Les cas d’études de Terry et Mynatt portaient sur différents aspects inhérents à la conception exploratoire, révélant des processus fortement itératifs ainsi que la nécessité de maintenir plusieurs versions d’un même design. Une technique adoptée par l’utilisateur consiste à faire des copies du travail en cours afin d’explorer d’autres possibilités en profondeur. Afin d’évaluer le résultat d’une opération, une utilisation répétée des commandes annuler et refaire permet de révéler très brièvement des différences entre les versions courantes et précédentes. Ces techniques permettent à l’utilisateur d'évaluer le résultat de ses actions à différentes échelles, variant les niveaux de détails et via des représentations multiples. Utiliser les commandes annuler et refaire pour générer des variations est problématique à cause de sa nature éphémère : il n'existe qu'une seule version à la fois, rendant la comparaison difficile, il s’agit d’une comparaison faite dans le temps et non dans l’espace. Nous sommes alors témoins d’une utilisation détournée des outils mis à dispositions (annuler et refaire, ou multiplication des fichiers) pour pouvoir faire de l’exploration. Des outils permettant l’utilisation de calques (comme des outils de dessin vectoriels tels qu’Illustrator, InkScape, Paint.Net etc.) peuvent aider plus facilement à la gestion de versions, même s’il s’agit là encore d’une utilisation détournée de la fonctionnalité première, puisqu’ils permettent plus facilement le changement d’une version à une autre. Cela ne permet là

encore qu’une comparaison dans le temps et non dans l’espace : il n’est pas possible de comparer deux designs côte à côte. Lorsque les outils ne permettent pas nativement de comparer des versions d’un design (dimension cognitive : visibilité/juxtaposition), l’utilisateur doit gérer lui-même ses versions.

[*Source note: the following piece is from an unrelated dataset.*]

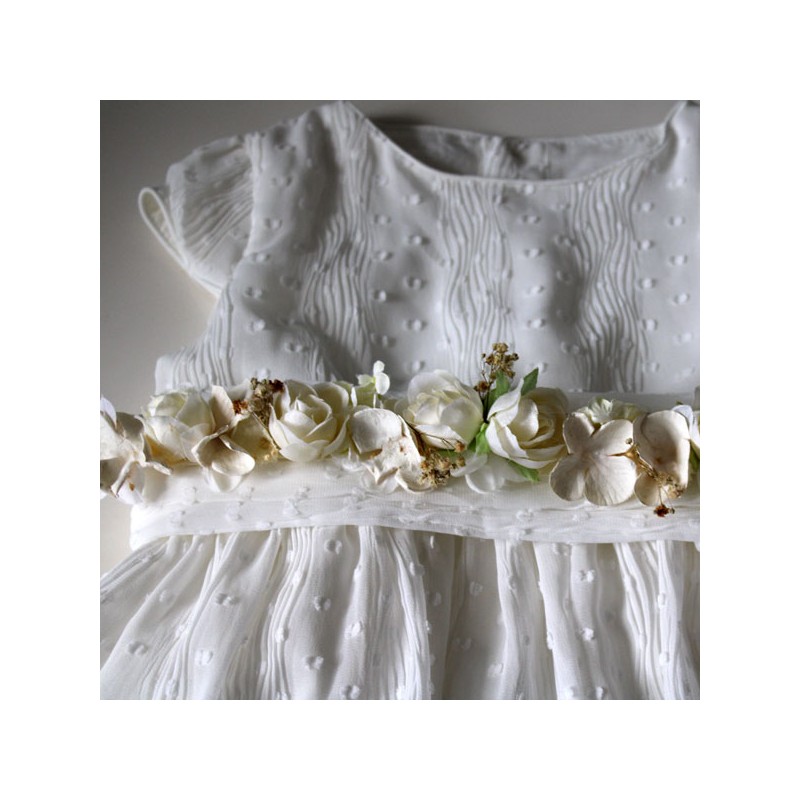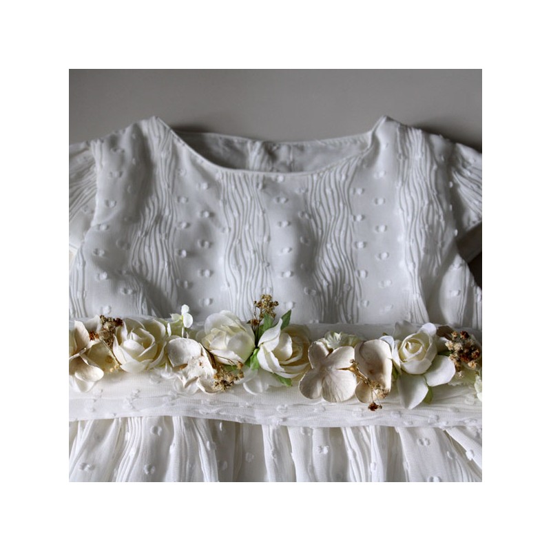 Cinturón para niñas de arras o de primera comunión con flores en tonos marfiles y camel

Bien sûr le mécanisme des actions réversibles est une fonctionnalité indispensable à la conception exploratoire, ou plus spécifiquement : la possibilité de revenir à un état précédent car la solution explorée ne convient pas. Ce mécanisme autorise l’utilisateur à prendre des risques ce qui lui permet d’explorer sans crainte d’avoir à tout recommencer s’il commet une erreur. Notons que la correction d’erreurs est un critère d’ergonomie (Bastien & Scapin, 1993). (Fekete, 1996) présente l’annulation comme étant l’un des trois services indispensables à l’IHM.

B. Paradigmes d’interaction

La manipulation directe ainsi que l’interaction instrumentale sont des techniques efficaces pour interagir avec un objet simple : elles réduisent le nombre d’actions requises comparées à d’autres techniques telles que les lignes de commandes ; le dialogue conversationnel, ou les interactions modales. Les principes de conception appliqués à l’interaction instrumentale, tels que la réification (transformer un concept en objet), le polymorphisme (appliquer une même opération à différentes classes d’objets) et la réutilisation (de sélections passées et de précédents résultats d’interactions) étendent le pouvoir d’action sur des objets multiples.

1. La manipulation directe

L’un des principes d’interaction les plus répandus dans les applications graphiques actuelles depuis de nombreuses années est celui de la manipulation directe (Shneiderman, 1987).